The prior.inverse_sample()
method is required by MultiNest to uniformly sample from the prior distribution and transform it into a posterior distribution. Let’s call the method, passing a vector of pseudorandom numbers drawn when each is drawn from a uniform distribution on the interval \([0,1)\):
[76]:
prior.inverse_sample()
[76]:
[2.7076262510297213,
10.589169013104595,
0.1456445369136517,
0.9152783462931748,
0.22455955750158596,
1.5833884078131923,
0.818798126069298,
4.457565080735115,
0.7006314853485065,
2.049354861942553,
0.8376020115133772]
In principle, inverse sampling from the prior can be used to initialise the ensemble of walkers evolved by emcee.
Density and support checking
Let’s draw samples from the prior and plot them:
[77]:
samps, _ = prior.draw(int(1e4))
Drawing samples from the joint prior...
Samples drawn.
Let’s first plot the \((M, R_{\rm eq})\) samples, with the Schwarzschild photon sphere and the radius prior.
[78]:
# Define the extra lines to plots together with the M-Req samples.
masses = np.linspace(1.0,3.0,100)
R_Schwarz = [3.0*gravradius(masses), masses]
R_Schwarz_label = r"Schwarzschild photon sphere $R_{eq} = 1.5 \times r_s(M)$"
R_prior = [2.0*1.76*gravradius(masses), masses]
R_prior_label = r"$R_{eq} = 1.76 \times r_s(M)$"
extra_plots = [R_Schwarz,R_prior,]
extra_labels = [R_Schwarz_label,R_prior_label,]
ax = XpsiPlot.plot_samps(samps,
x_idx=likelihood.index('radius'), # we can find the index for __getitem__ magic
y_idx=likelihood.index('mass'),
xlabel=likelihood.get_param('radius').symbol + ' [km]', # can use symbols like so
ylabel=r'$M$ [M$_{\odot}$]', # or manual entry
extras=extra_plots,
extras_label=extra_labels,
)
Note that the prior support is defined with a constraint that the polar radius \(R_{\rm p}(R_{\rm eq}, M, \Omega)\geq 1.76r_{s}(M)\), which is why there is a region devoid of samples between the prior support and the dashed line \(R_{\rm eq} = 1.76r_s(M)\).
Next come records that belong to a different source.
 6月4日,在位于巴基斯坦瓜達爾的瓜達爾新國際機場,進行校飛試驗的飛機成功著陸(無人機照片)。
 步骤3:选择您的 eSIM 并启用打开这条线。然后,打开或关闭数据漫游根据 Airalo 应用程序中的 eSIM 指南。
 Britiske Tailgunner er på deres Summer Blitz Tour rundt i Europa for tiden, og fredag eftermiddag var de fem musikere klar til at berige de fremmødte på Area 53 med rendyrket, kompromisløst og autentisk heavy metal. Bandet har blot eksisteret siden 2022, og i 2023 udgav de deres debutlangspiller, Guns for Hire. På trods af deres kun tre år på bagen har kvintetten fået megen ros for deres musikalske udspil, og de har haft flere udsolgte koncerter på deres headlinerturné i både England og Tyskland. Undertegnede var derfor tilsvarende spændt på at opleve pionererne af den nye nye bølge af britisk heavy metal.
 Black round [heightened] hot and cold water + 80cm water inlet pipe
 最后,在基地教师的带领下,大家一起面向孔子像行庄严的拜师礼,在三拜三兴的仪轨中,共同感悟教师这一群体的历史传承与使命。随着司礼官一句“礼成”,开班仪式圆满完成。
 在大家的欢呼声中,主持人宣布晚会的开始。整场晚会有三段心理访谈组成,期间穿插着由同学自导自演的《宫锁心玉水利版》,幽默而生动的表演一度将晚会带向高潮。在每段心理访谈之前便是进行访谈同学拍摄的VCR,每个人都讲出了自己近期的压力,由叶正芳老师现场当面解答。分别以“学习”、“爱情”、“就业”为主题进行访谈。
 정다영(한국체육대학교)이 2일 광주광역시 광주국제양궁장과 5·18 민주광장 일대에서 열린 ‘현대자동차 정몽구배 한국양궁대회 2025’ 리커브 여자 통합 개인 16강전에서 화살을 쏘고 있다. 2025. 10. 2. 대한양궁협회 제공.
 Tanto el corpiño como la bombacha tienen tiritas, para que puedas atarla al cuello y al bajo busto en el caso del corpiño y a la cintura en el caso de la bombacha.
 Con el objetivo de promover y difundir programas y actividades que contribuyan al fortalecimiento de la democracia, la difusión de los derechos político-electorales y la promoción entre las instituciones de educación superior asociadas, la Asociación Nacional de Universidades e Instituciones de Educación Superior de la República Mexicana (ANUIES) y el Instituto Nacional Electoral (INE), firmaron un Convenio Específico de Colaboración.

This condition is not necessary though because as of v0.6
, X-PSI can include higher-order images, with the secondary and tertiary expected to be entirely sufficient in practice.
Let’s now plot the hot region (circular spot) colatitudes:
[79]:
# This diagonal show that we enforce colatitude order to distinguish hot regions as primary and secondary
diagonal = [np.array([0.0,math.pi]),np.array([0.0,math.pi])]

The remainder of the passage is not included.